Pray and you’ll find the answers, Che Guevara had said. I prayed in Japanese, but the answers didn’t come. So I started to look for them in books, in songs, in endless wearisome conversations with myself.
One night, after we’d made love, Agnese curled up inside my arms. I tried to synchronize my body to the rhythm of her gentle breathing. Before I spoke to her I wanted to make sure she was asleep.
“I want to be brave and tell you something—you, at least,” I whispered into her armpit. “My mother died when I was nine years old. She did all she could to stay alive until the end, but she couldn’t. And I still can’t accept she died, you see? It’s unfair, and I’ve still got to understand why. In those Greek tragedies you love so much there’s
always someone who takes revenge and restores the equilibrium that has been destroyed. But who can I take revenge on? On God who killed her and took her away from me? How can I, if I don’t know where he lives or what he’s like? And in any case your Buddha says that revenge doesn’t restore equilibrium, it just creates new imbalances.”
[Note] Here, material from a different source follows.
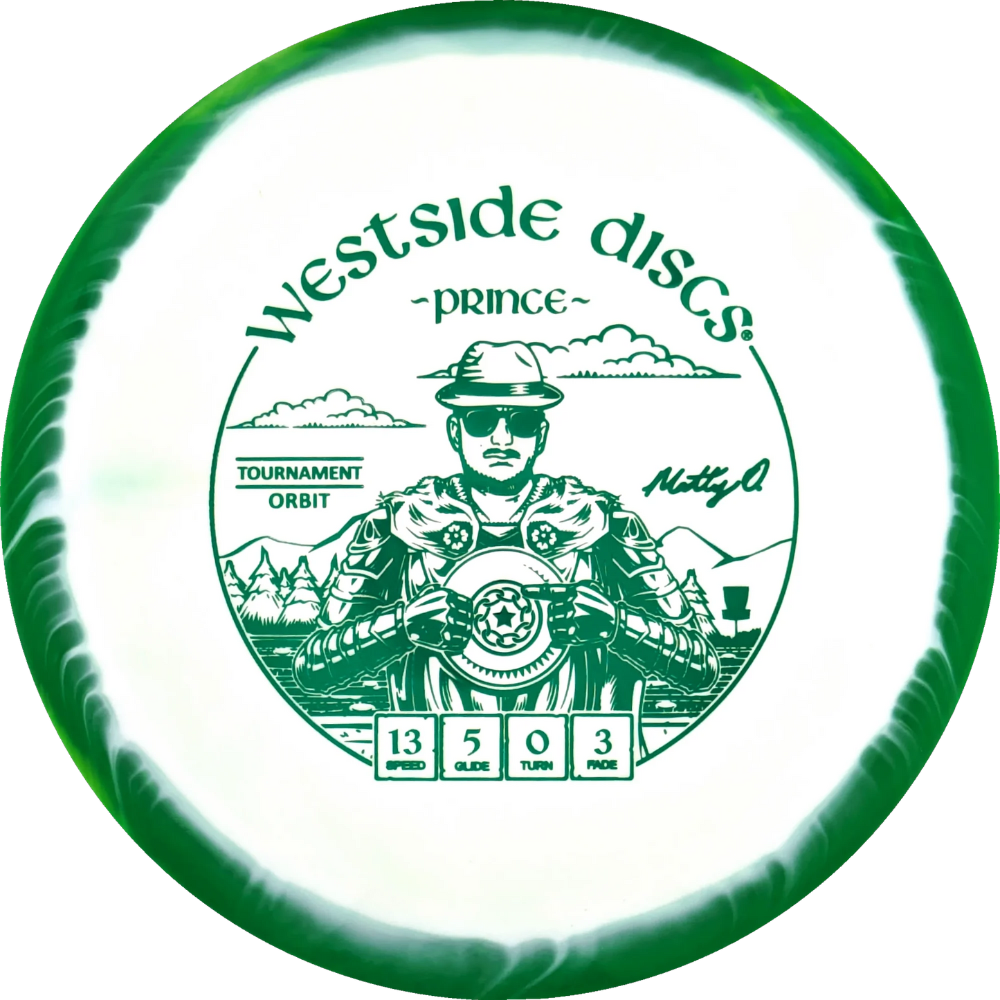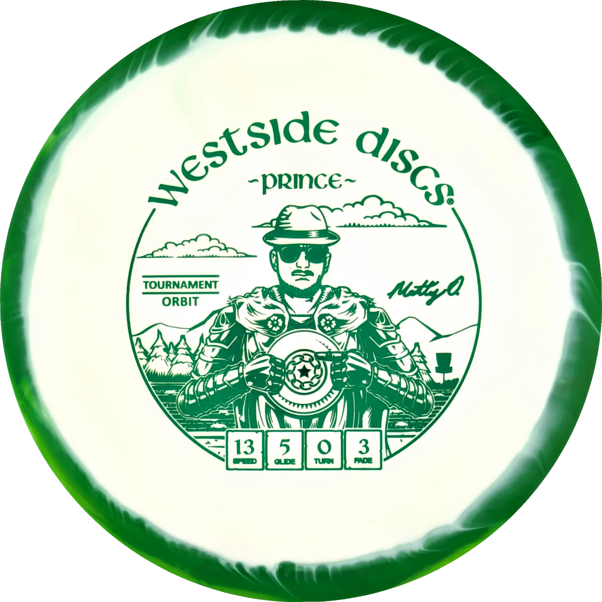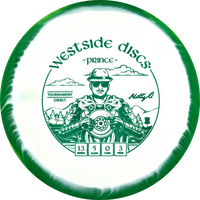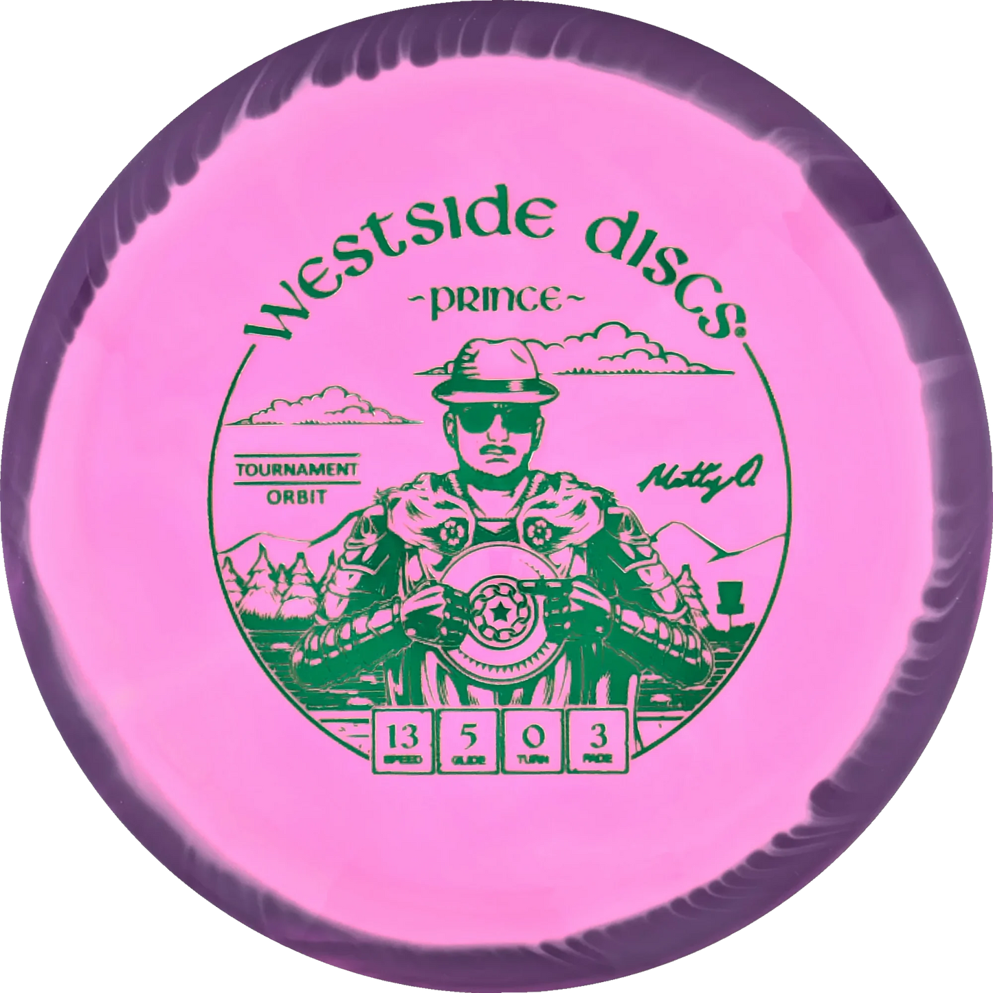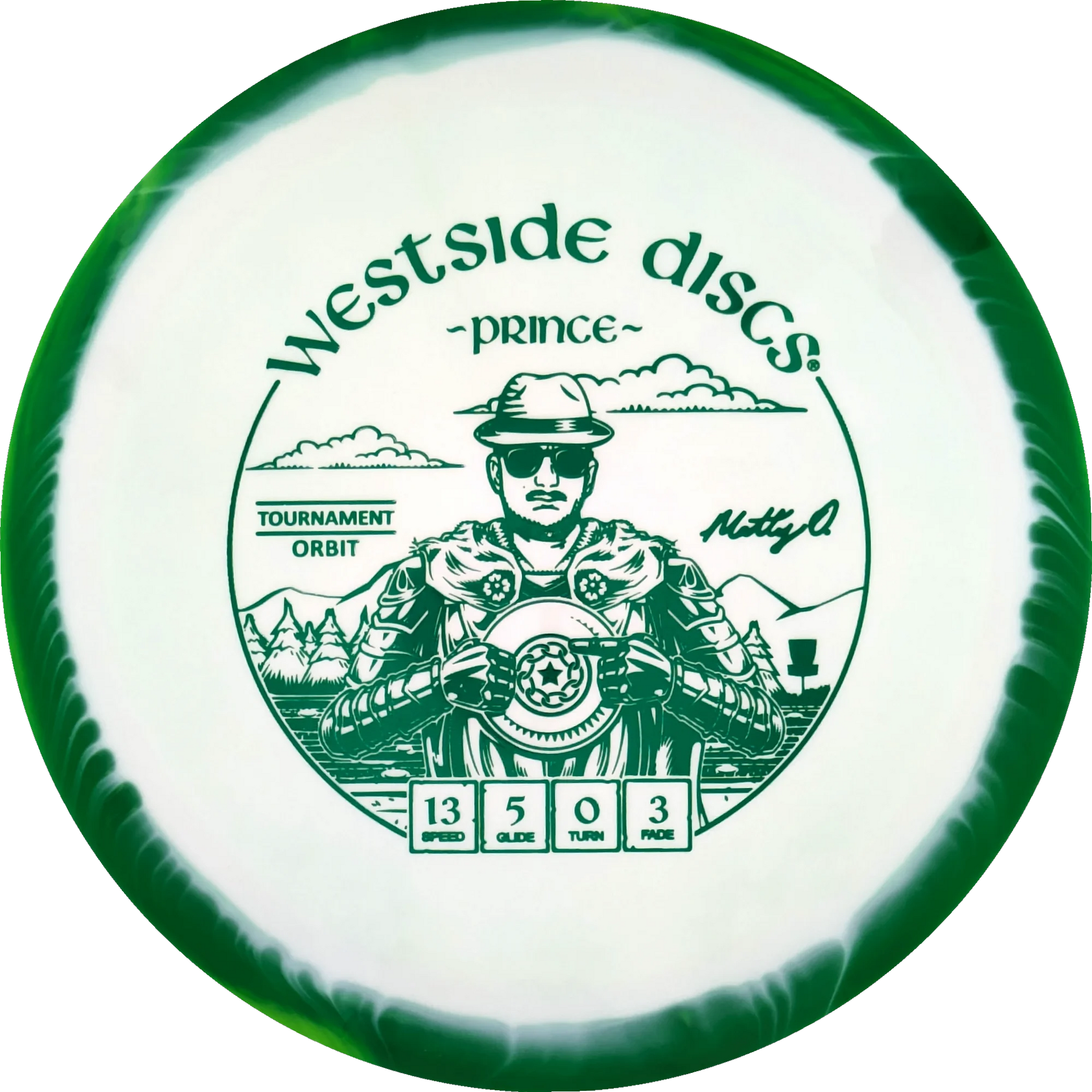 The Prince from Westside Discs is an overstable driver designed for long throws at full speed. It is a disc you can rely on, even in windy conditions. Here it is released in a 2025 Team Series for Matt Orum in the beautiful Tournament Orbit plastic.

The morning after I woke up to a smell of coffee and Agnese’s face smiling over me.
“I had a strange dream last night,” she began. “There was a liar in my bed who was telling me the truth.”
“Did you have a soft spot for him, a little?”
“I told him to stop thinking over things all the time and to start feeling.”
“Good advice. And what does the chef recommend for breakfast this morning?”
“Something to set you on the right path again.”
She handed me a tray. On it there was a cappuccino, a croissant and the photocopy of a Buddhist prayer.
We need to learn how to control our own minds rather than letting them control us.
My friends, let a new faith fill you. Keep polishing your lives like a mirror, day and night, never pausing to rest.
Learn to dominate your self, learn how to control with skill the reins of that wild horse, the mind. And then you will be free to run with the wind . . .
twenty-four
But I’d never learnt to ride, and the mind kept unsaddling me. I was too accustomed to trying to work everything out in my head to be able to surrender to the spiritual.
I sought refuge in the familiar world of work: that circle of journalists, politicians and intellectuals who choose to frequent the privileged milieu of Rome’s airiest, most elegant terraces. If you want to avoid any possibility of self-examination, exchanging tidbits of gossip with the powerful is a sure-fire method for doing so.